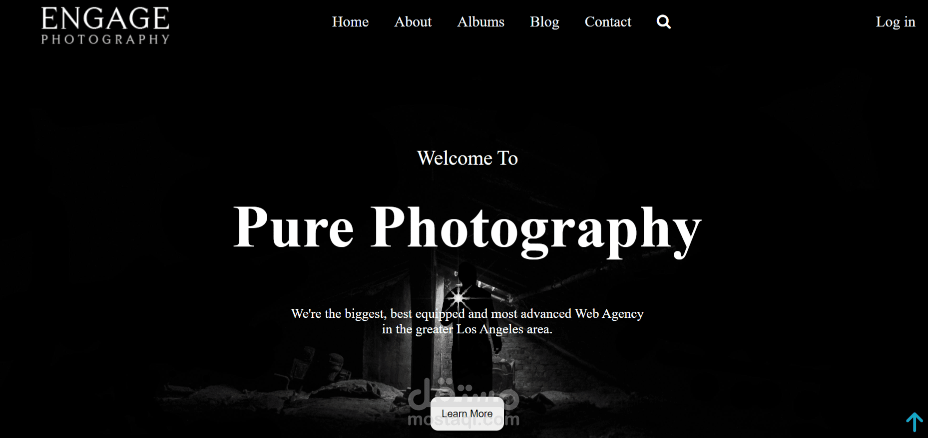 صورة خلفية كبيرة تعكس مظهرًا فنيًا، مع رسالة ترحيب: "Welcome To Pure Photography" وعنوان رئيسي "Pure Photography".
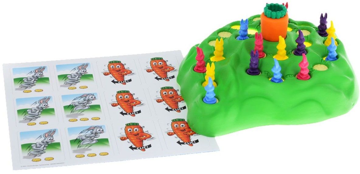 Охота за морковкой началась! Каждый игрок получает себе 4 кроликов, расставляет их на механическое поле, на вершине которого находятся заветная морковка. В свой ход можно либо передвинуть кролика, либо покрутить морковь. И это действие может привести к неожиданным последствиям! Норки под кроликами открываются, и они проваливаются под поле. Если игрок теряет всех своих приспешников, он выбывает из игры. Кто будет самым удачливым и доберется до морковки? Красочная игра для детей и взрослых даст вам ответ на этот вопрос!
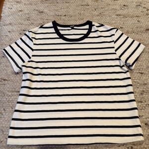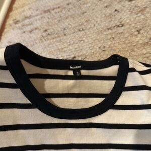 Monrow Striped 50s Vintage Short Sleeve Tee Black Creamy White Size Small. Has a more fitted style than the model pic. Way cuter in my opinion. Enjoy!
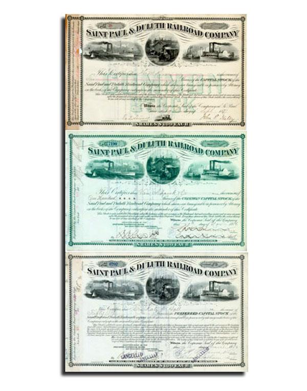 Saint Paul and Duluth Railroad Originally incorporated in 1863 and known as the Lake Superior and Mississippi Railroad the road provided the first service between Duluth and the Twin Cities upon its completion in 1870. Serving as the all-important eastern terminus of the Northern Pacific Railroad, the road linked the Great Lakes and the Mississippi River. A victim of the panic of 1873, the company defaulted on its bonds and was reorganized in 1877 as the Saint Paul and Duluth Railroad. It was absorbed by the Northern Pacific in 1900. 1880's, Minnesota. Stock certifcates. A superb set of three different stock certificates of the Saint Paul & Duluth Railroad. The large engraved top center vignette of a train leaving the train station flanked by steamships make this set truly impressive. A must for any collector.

■ ■ ■ ■ ■

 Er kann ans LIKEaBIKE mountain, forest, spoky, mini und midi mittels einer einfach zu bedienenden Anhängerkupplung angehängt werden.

■ ■ ■ ■ ■

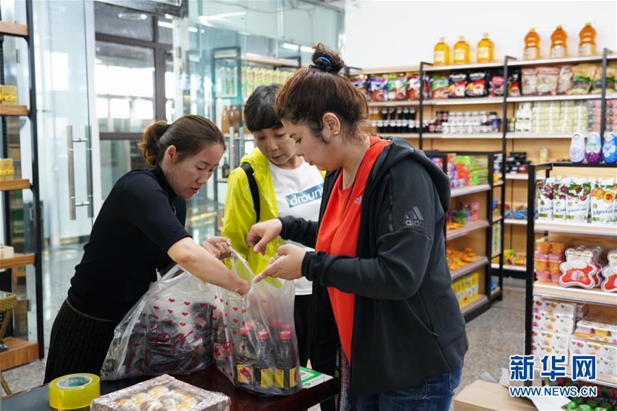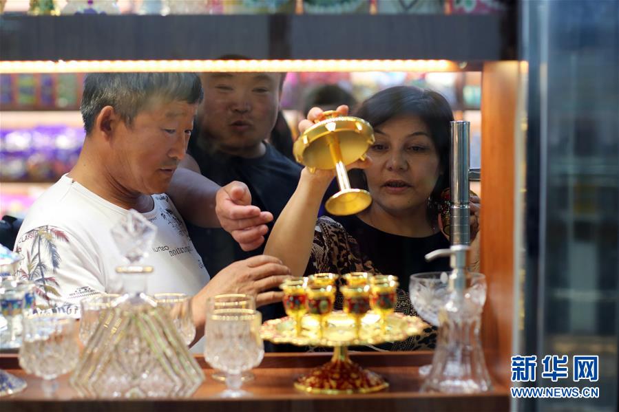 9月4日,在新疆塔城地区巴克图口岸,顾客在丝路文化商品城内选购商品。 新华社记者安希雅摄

■ ■ ■ ■ ■

## What to work on:
Starting at the line above with "Охота за морковкой", output every line exactly up to and including the line with "Monrow Striped 50s", but none of the pictures.

## Answer to this task:
 Охота за морковкой началась! Каждый игрок получает себе 4 кроликов, расставляет их на механическое поле, на вершине которого находятся заветная морковка. В свой ход можно либо передвинуть кролика, либо покрутить морковь. И это действие может привести к неожиданным последствиям! Норки под кроликами открываются, и они проваливаются под поле. Если игрок теряет всех своих приспешников, он выбывает из игры. Кто будет самым удачливым и доберется до морковки? Красочная игра для детей и взрослых даст вам ответ на этот вопрос!
 Monrow Striped 50s Vintage Short Sleeve Tee Black Creamy White Size Small. Has a more fitted style than the model pic. Way cuter in my opinion. Enjoy!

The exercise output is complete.